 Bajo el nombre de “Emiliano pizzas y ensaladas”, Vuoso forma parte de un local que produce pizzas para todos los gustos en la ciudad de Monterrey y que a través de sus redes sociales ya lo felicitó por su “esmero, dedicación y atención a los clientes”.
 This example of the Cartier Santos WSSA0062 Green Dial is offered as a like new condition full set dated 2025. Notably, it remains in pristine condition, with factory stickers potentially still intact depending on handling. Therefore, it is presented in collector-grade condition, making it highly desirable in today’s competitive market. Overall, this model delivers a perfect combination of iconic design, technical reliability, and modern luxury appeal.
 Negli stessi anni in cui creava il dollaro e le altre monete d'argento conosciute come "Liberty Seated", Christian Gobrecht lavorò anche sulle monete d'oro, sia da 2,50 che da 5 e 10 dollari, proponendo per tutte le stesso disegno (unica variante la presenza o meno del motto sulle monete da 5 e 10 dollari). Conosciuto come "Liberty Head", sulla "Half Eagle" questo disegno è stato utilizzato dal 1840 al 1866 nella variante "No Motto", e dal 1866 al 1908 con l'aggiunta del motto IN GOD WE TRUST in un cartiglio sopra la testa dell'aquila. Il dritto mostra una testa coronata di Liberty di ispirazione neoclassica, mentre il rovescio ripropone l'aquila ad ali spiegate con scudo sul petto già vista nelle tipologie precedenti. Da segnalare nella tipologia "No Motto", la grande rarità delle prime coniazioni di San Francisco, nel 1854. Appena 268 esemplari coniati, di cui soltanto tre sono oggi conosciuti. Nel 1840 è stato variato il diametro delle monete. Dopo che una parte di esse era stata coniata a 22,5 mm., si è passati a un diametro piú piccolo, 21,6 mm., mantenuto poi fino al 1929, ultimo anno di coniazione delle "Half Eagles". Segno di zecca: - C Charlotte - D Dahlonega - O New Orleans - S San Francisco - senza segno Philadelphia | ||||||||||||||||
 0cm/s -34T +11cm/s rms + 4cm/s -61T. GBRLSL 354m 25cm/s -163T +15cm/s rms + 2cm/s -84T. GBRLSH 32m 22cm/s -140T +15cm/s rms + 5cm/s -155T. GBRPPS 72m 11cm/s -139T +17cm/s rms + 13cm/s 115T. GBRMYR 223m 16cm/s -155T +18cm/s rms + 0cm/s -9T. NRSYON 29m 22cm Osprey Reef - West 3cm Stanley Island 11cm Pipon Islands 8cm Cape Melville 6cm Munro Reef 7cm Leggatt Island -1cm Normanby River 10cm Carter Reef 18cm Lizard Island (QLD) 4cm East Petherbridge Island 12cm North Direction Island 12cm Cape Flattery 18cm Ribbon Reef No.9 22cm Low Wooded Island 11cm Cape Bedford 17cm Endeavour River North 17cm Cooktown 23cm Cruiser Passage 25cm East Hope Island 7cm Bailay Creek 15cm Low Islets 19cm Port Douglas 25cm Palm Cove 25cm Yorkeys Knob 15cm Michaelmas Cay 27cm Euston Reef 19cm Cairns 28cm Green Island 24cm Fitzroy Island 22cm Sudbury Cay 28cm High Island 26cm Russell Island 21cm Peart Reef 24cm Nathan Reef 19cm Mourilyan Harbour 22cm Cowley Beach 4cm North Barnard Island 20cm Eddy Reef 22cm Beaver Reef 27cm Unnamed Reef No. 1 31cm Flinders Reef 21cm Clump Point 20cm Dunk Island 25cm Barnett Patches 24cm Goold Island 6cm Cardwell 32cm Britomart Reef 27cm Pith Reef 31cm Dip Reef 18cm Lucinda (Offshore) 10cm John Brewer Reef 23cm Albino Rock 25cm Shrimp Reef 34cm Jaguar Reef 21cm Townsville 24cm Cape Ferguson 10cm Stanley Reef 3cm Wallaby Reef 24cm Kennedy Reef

┄┄┄┄┄┄

- _Exercise prompt_
Give back precisely the lines above that start at the line containing "This example of" and end at the line containing "Negli stessi anni", inclusive. No other lines belong in the output.

- _Exercise response_
 This example of the Cartier Santos WSSA0062 Green Dial is offered as a like new condition full set dated 2025. Notably, it remains in pristine condition, with factory stickers potentially still intact depending on handling. Therefore, it is presented in collector-grade condition, making it highly desirable in today’s competitive market. Overall, this model delivers a perfect combination of iconic design, technical reliability, and modern luxury appeal.
 Negli stessi anni in cui creava il dollaro e le altre monete d'argento conosciute come "Liberty Seated", Christian Gobrecht lavorò anche sulle monete d'oro, sia da 2,50 che da 5 e 10 dollari, proponendo per tutte le stesso disegno (unica variante la presenza o meno del motto sulle monete da 5 e 10 dollari). Conosciuto come "Liberty Head", sulla "Half Eagle" questo disegno è stato utilizzato dal 1840 al 1866 nella variante "No Motto", e dal 1866 al 1908 con l'aggiunta del motto IN GOD WE TRUST in un cartiglio sopra la testa dell'aquila. Il dritto mostra una testa coronata di Liberty di ispirazione neoclassica, mentre il rovescio ripropone l'aquila ad ali spiegate con scudo sul petto già vista nelle tipologie precedenti. Da segnalare nella tipologia "No Motto", la grande rarità delle prime coniazioni di San Francisco, nel 1854. Appena 268 esemplari coniati, di cui soltanto tre sono oggi conosciuti. Nel 1840 è stato variato il diametro delle monete. Dopo che una parte di esse era stata coniata a 22,5 mm., si è passati a un diametro piú piccolo, 21,6 mm., mantenuto poi fino al 1929, ultimo anno di coniazione delle "Half Eagles". Segno di zecca: - C Charlotte - D Dahlonega - O New Orleans - S San Francisco - senza segno Philadelphia | ||||||||||||||||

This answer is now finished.